To the Editor:
We recently read The Heights article “Administrators Criticize Tactics of Eradicate Boston College Racism” and were surprised and disappointed by the comments attributed to Dean Mogan, Provost Quigley, and University Spokesperson Dunn in the piece. They contain erroneous claims about our group and also display a lack of understanding and concern about institutional racism as it affects students, faculty, and staff of color at BC. We found it particularly regretful that the administrators cited chose to frame us as disrespectful and uncivil in taking action against institutional racism within the University, rather than demonstrate respect themselves and take responsibility for ongoing racial injustice which students in our group and other groups have pointed out to them.
First, to correct the misstatements attributed in the article to Provost Quigley, Dean Mogan, and Mr. Dunn: Members of our group have never avoided meeting with these individuals or any other administrators of BC, and we have in fact held meetings with Dean Mogan on multiple occasions, most recently when Cedrick-Michael Simmons and Chad Olle met with him just a week before the article in question was published. We invite them to produce any evidence to the contrary and to share it with us and the readers of The Heights. During the summer, we were offered a meeting with Provost Quigley with one day’s notice and were unable to make it because of other commitments. However, we immediately responded with attempts to reschedule. We of course did reschedule, and Cedrick-Michael Simmons, Sriya Bhattacharyya, and Chad Olle met with the Provost as soon as he made yourself available to us. If this is the episode to which the article referred, we ask administrators to represent it accurately in the future. Mr. Dunn is quoted as saying that our group “make[s] it seem” as though we are the “only group that wants to combat racism.” This statement is inconsistent with our public praise and thanks to multiple student and faculty groups who have taken action against institutional racism at BC, both in our recent LTE in The Heights and on our website: among them, The Heights Editorial Board, the Center for Human Rights and International Justice, Climate Justice Boston College, FACES, the Undergraduate AHANA Leadership Council, the African and African Diaspora Studies Program, the Black Law Students Association, the Graduate Students of Color Association, the Black Student Forum, the ONE movement, and the TRUTH movement. We ask him in the future to familiarize himself with our actions and institutional relationships before making public claims regarding them.
Acknowledging these errors, we are more deeply concerned about Mr. Dunn’s misrepresentation of institutional racism at BC, and Provost Quigley, Dean Mogan, and Mr. Dunn’s collective failure to address what University leaders are doing to rectify it. Mr. Dunn went so far as to state: “The supposition that BC is an institutionally racist place is a difficult argument to make. […] I think that’s a false assumption, an unfair assumption, and impugns the integrity of so many good people on this campus who’ve joined this community precisely because they’re people of good will who oppose all elements of bigotry.”
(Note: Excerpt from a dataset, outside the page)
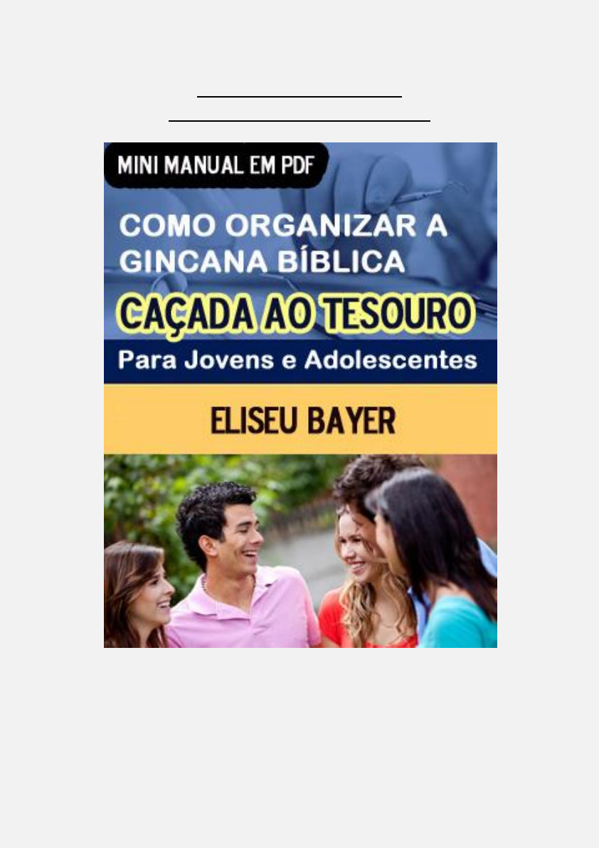 Conheça outras Gincanas Bíblicas para Jovens www.gincabiblica.com.br www.ideiasjovemcristao.com.br Conheça outras Gincanas Bíblicas para Jovens www.gincabiblica.com.br www.ideiasjovemcristao.com.br COMO ORGANIZAR A GINCANA BÍBLICA CAÇADA AO TESOURO PARA JOVENS E ADOLESCENTES de Maneira Criativa e Divertida www.ideiasjovemcristao.com.br www.ideiasparajovens.com.br http://www.ideiasjovemcristao.com.br/ http://www.ideiasparajovens.com.br/ Conheça outras Gincanas Bíblicas para Jovens www.gincabiblica.com.br www.ideiasjovemcristao.com.br Introdução Olá Líder de Jovens. Além de uma vida de oração, consagração e leitura da palavra de Deus, várias estratégias precisam ser adotadas por um líder de jovem que deseja desenvolver uma brilhante liderança. Cada dia que passa a missão de coordenar a juventude evangélica se torna uma tarefa mais difícil, pois a vida moderna tem causado profundas mudanças, e o inimigo tem investido pesado contra a vida espiritual de nossos jovens. Ao observarmos a Bíblia Sagrada, constataremos que Deus sempre usou Conheça outras Gincanas Bíblicas para Jovens www.gincabiblica.com.br www.ideiasjovemcristao.com.br jovens em pontos estratégicos, e em nossa atualidade precisamos lançar mão de todas as ferramentas possíveis para envolver os jovens na Obra de Deus. Por isso é necessário que o líder de jovens seja comprometido em motivar, animar, e agitar a moçada através de atividades estratégicas, como gincanas bíblicas, debates bíblicos, retiros e acampamentos contribuindo com a vida espiritual dos jovens. Neste manual estaremos explicando passo à passo como organizar uma saudável brincadeira chamada Pista de Orientação aos Jovens, conhecida como a famosa atividade Caçada ao Tesouro Conheça outras Gincanas Bíblicas para Jovens www.gincabiblica.com.br www.ideiasjovemcristao.com.br Podemos afirmar que a mocidade vai gostar – e muito. Trata-se de uma competição cuja principal intenção é saber se a juventude está em dia com a leitura da palavra de Deus. E o melhor: você pode descobrir isso se divertindo. Como líder de jovens tive a oportunidade organizar várias vezes a Caçada ao Tesouro, principalmente em retiros, e sempre tem sido uma atividade muito solicitada pelos jovens, devido a agitação e movimentação que é causado entre a juventude. Os enigmas bíblicos são decifrados pelos jovens de maneira divertida e engraçada. É muito legal! Realmente vale a pena. Então vamos lá! Pb. Eliseu Bayer www.ideiasjovemcristao.com.br http://www.ideiasjovemcristao.com.br/ Conheça outras Gincanas Bíblicas para Jovens www.gincabiblica.com.br www.ideiasjovemcristao.com.br Marcando o Dia e Escolhendo o local Para esta atividade será necessário reservar um dia lindo de sol, um domingo ou um feriado é uma boa sugestão. Depois você tem de Conheça outras Gincanas Bíblicas para Jovens www.gincabiblica.com.br www.ideiasjovemcristao.com.br escolher um local apropriado. Este é fator mais importante visto que o líder terá de desenhar um mapa detalhado do lugar e ainda fazer cópias. O local deve ser aberto, como em uma chácara, sítio ou fazenda, pois é necessário um espaço suficiente para a juventude desempenhar as tarefas da brincadeira. Conheça outras Gincanas Bíblicas para Jovens www.gincabiblica.com.br www.ideiasjovemcristao.com.br Como funciona? A partir do mapa, o organizador vai escolher pontos secretos no terreno onde serão escondidas as pistas que os participantes terão de encontrar. Conheça outras Gincanas Bíblicas para Jovens www.gincabiblica.com.br www.ideiasjovemcristao.com.br Em cada ponto secreto haverá uma dica. Cada informação contida nessas dicas será para decifrar um ENIGMA BÍBLICO. Vence quem descobrir o ENIGMA juntando todas as dicas encontradas no percurso e chegar primeiro na PISTA DE CHEGADA. MAS TEM DE PEGAR TODAS ELAS, Caso contrário, perderá a competição Conheça outras Gincanas Bíblicas para Jovens www.gincabiblica.com.br www.ideiasjovemcristao.com.br Dividindo as Equipes Para a brincadeira o organizador deve dividir a mocidade em equipes, o ideal é que divida em Conheça outras Gincanas Bíblicas para Jovens www.gincabiblica.com.br www.ideiasjovemcristao.com.br duas e diferencia-las por cores. Caso seja duas, podem ser identificados por AZUL E VERMELHO, por exemplo. Cada equipe deve ter um nome e um líder que deverá receber o mapa do terreno com as coordenadas de onde estariam as pistas. O organizador deve ir ao local antes pelo menos duas vezes, a primeira vez será para fazer o desenho do local e a segunda vez você verá no próximo tópico. Conheça outras Gincanas Bíblicas para Jovens www.gincabiblica.com.br www.ideiasjovemcristao.com.br Preparando o Enigma Bíblico A segunda vez que o organizador deverá ir ao local será um dia antes da brincadeira para espalhar as pistas. Conheça outras Gincanas Bíblicas para Jovens www.gincabiblica.com.br www.ideiasjovemcristao.com.br Exemplo: O Enigma é uma pessoa da Bíblia. Estarão espalhadas 10 (ou 15 se preferir) características dessa figura secreta pelo terreno PARA CADA EQUIPE A equipe A irá procurar as dicas de cor AZUL. E a equipe B irá procurar as dicas de cor VERMELHO. Vamos supor que o Enigma seja GIDEÃO: Dica 1: Essa pessoa venceu uma batalha com apenas 300 homens. Conheça outras Gincanas Bíblicas para Jovens www.gincabiblica.com.br www.ideiasjovemcristao.com.br Dica 2: Era da tribo de Manassés Dica 3: Fez 2 provas com Deus Dica 4: Essa pessoa malhava trigo no lagar, para se esconder de seus inimigos..... E assim vai.... Ganha a Equipe que achar todas as dicas e descobrir primeiro (em menos tempo) quem é o personagem bíblico misterioso. Para não haver confusão, o líder pode colocar figuras diferentes para cada equipe e evitar colocar pistas da mesma equipe em um só lugar. Conheça outras Gincanas Bíblicas para Jovens www.gincabiblica.com.br www.ideiasjovemcristao.com.br Na próxima página segue três

These comments do serious disservice to the BC community and the readership of The Heights if they are intended to educate these groups about the nature of institutional racism and our group’s critiques of its existence at BC. Institutional racism refers to policies and practices that systematically generate unequal outcomes in an institution for people of color, regardless of individual sentiments or intent. Given the long and well-documented history of institutional racism in the U.S., in higher education, and at BC specifically, we find it surprising that anyone could so easily dismiss its present reality in the University. This is particularly true in light of the stark inequalities in representation of people of color among the faculty, administration, and board of trustees, the open Eurocentric bias of BC’s curricula, and other indicators of racial inequity publicly documented by our group and observed by the University itself.
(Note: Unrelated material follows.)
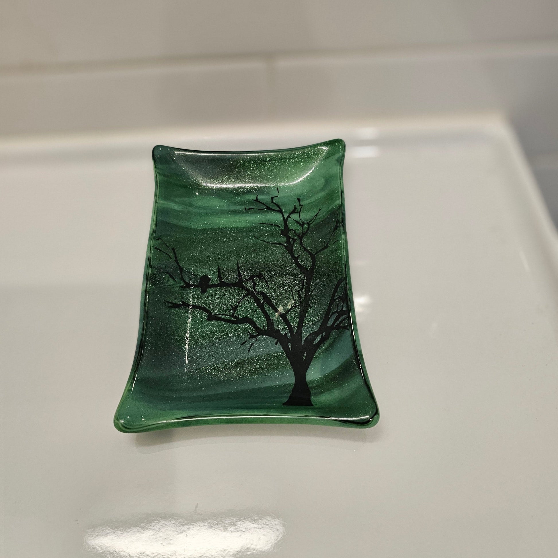 Handmade Fused Glass Dish – Green Streaky Glass - Bird and Tree

Critiques of institutional racism are not indictments of individual character, and, despite Mr. Dunn’s comments, our group has never intended them as such. We believe we are all implicated in the continuation of institutional racism at BC and have the choice and power to act to end its existence, as we have publicly stated in The Heights and elsewhere. Institutional racism is our collective social inheritance and our responsibility to transform. Those in positions of institutional leadership, of course, hold unique responsibility and power to make these choices, and we ask Provost Quigley, Dean Mogan, Mr. Dunn, and other administrators to do so promptly and comprehensively at BC. People of color who attend and work within the University should never have had to face inequitable and unjust conditions, here or in any of the other countless institutions in this country in which these conditions persist. Every day that they continue is unacceptable. We speak publicly and take action with these convictions in mind, and we hope that BC leadership will do the same.
In an effort to continue dialogue about, not simply abhoring racism, but eradicating institutional racism at BC, we invite Dean Mogan, Provost Quigley, Mr. Dunn, and any other administrators to meet with us to discuss our group’s goals and tactics. We believe this should be a public meeting, open to the campus community, that is centered on discussing what institutional racism is and strategies that have historically created material change. We challenge the notion that dialogue alone dismantles white supremacy. However, we do believe that community discussion, informed by people who actually experience marginalization, can be valuable. We look forward to working with Provost Quigley, Dean Mogan, Mr. Dunn, and other administrators on organizing and publicizing this public meeting, which we hope to hold before the end of the semester.